> [The task]: The job is to output exactly the lines that run from the start of the entries through the line containing "大家肯定都用过Eclipse", pictures omitted.

START Provided entries

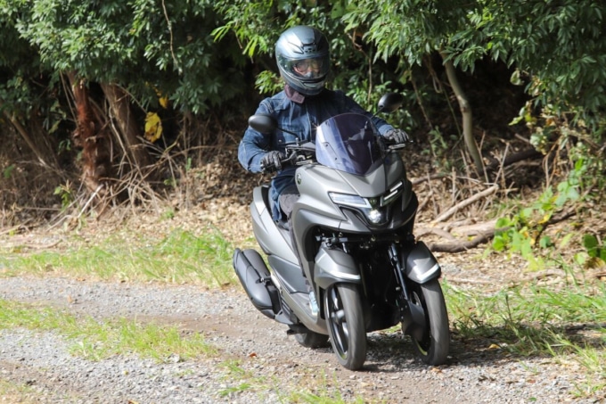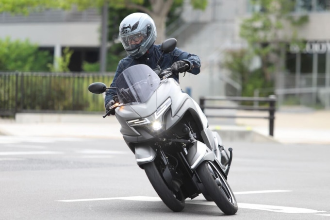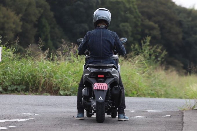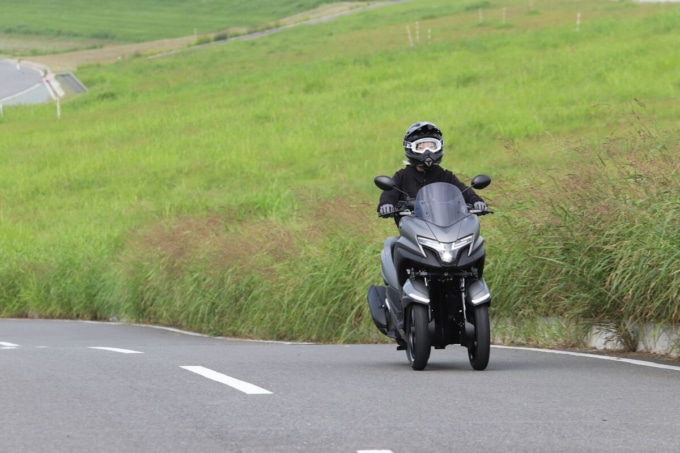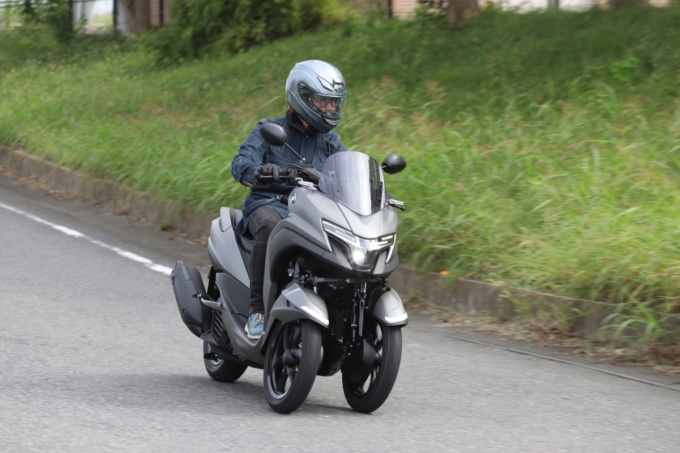 取りまわしではフロント二輪の重量を実感する場面もあった。車重は160 kg台とこれまで乗ってきた二輪と大きく変わらないが、フルロックで車体を押し引きするとフロントの重さで傾けすぎてしまいそうになる。ただ、切り返しを繰り返して小刻みに方向転換すれば問題なく扱えるし、ライダーが乗った状態でのUターンは片側一車線レベルの幅でも難なくこなせた。
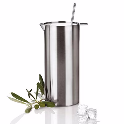 Deze stijlvolle martinimixer van Stelton is een ontwerp van Arne Jacobsen. Een musthave voor de liefhebber van mixdranken en cocktails. De roestvrij stalen martinimixer heeft een inhoud van 1 liter en wordt geleverd met zeef en mixlepel.
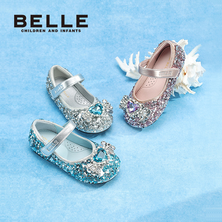 百丽童鞋女童水晶公主鞋儿童爱莎单鞋小皮鞋
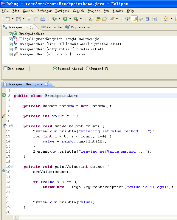 大家肯定都用过Eclipse的调试的功能,在调试的过程中自然也无法避免要使用断点(breakpoint),但不知是否对Eclipse中各类断点都有所了解。本篇图文并茂地介绍了Eclipse中全部类型的断点,及其设置,希望对大家有所帮助。(2011.11.20)
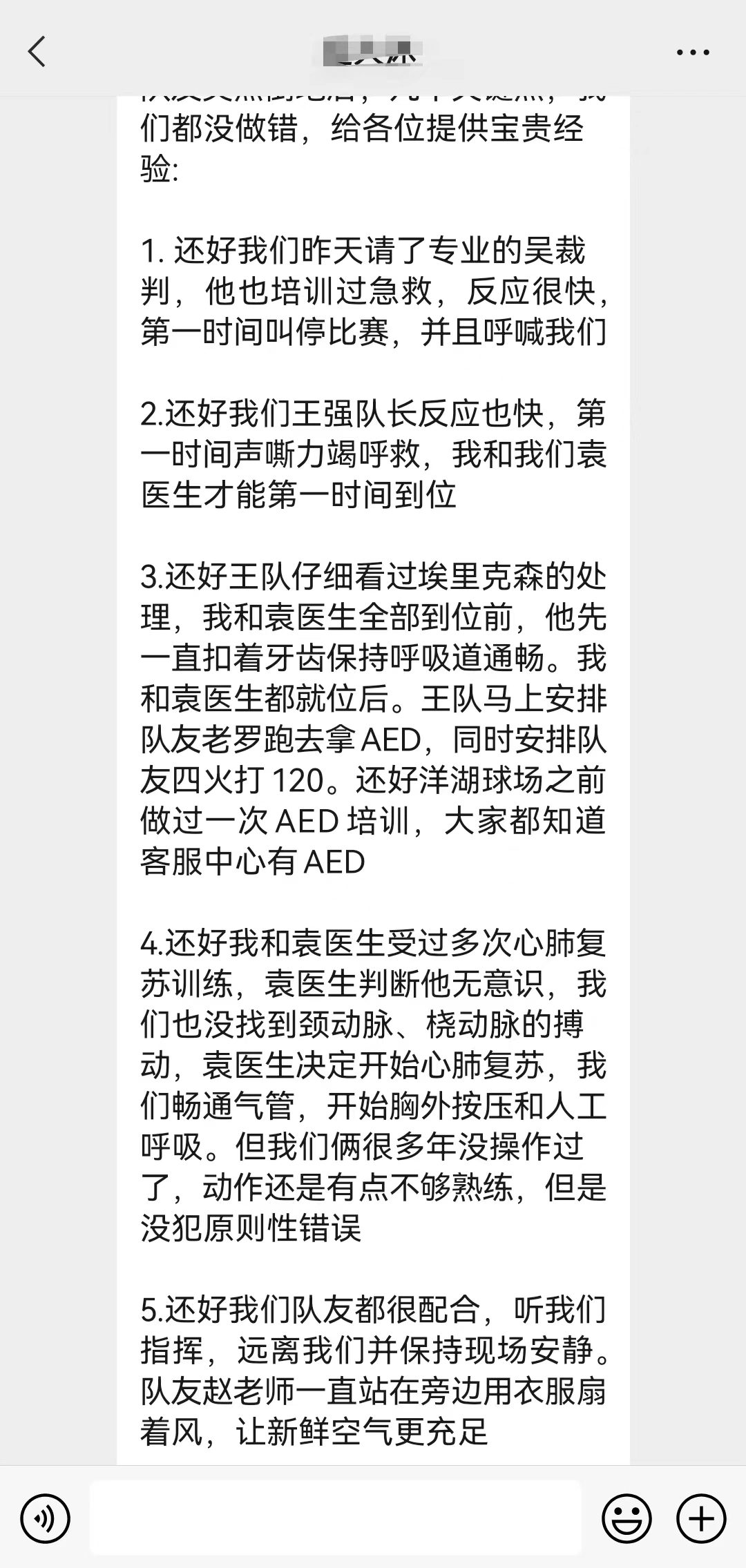 现场队员们后来复盘这一救援过程,愈发觉得与埃里克森当时被救的情形非常相似,不同的是,埃里克森所在的世界顶级赛事现场,有最专业的医疗保障,而他们则是一支业余球队。这次成功救援也有很多因素的叠加,比如现场裁判和队长第一时间意识到事态严重,并立即叫停比赛组织救援工作,现场刚好有具备有医学背景的队员在场和专业医生“外援”,另一个不能忽视的重点是,足球公园配备了AED,AED及时入场。
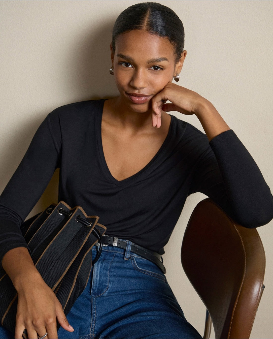 Camiseta de manga larga con escote en pico, confeccionada en viscosa de bambú ultra suave. Una prenda esencial con caída fluida y tejido elástico que aporta libertad de movimiento. Perfecta para llevar sola o bajo una chaqueta.
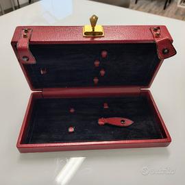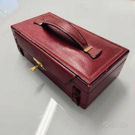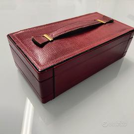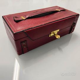 Portagioie Beauty vintage in pelle bordeaux e alcantara nera con chiave, specchio e doppio scomparto.
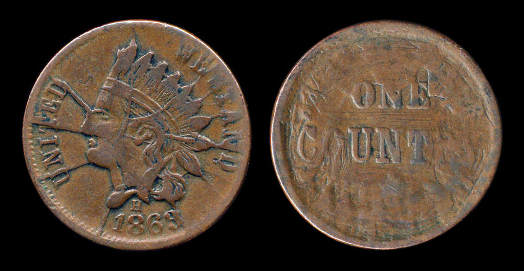 obv., ONE COUNTRY altered to ONE C (O)UNT, also, there is some reverse brockage,

END Provided entries

> [Output of the task]:
 取りまわしではフロント二輪の重量を実感する場面もあった。車重は160 kg台とこれまで乗ってきた二輪と大きく変わらないが、フルロックで車体を押し引きするとフロントの重さで傾けすぎてしまいそうになる。ただ、切り返しを繰り返して小刻みに方向転換すれば問題なく扱えるし、ライダーが乗った状態でのUターンは片側一車線レベルの幅でも難なくこなせた。
 Deze stijlvolle martinimixer van Stelton is een ontwerp van Arne Jacobsen. Een musthave voor de liefhebber van mixdranken en cocktails. De roestvrij stalen martinimixer heeft een inhoud van 1 liter en wordt geleverd met zeef en mixlepel.
 百丽童鞋女童水晶公主鞋儿童爱莎单鞋小皮鞋
 大家肯定都用过Eclipse的调试的功能,在调试的过程中自然也无法避免要使用断点(breakpoint),但不知是否对Eclipse中各类断点都有所了解。本篇图文并茂地介绍了Eclipse中全部类型的断点,及其设置,希望对大家有所帮助。(2011.11.20)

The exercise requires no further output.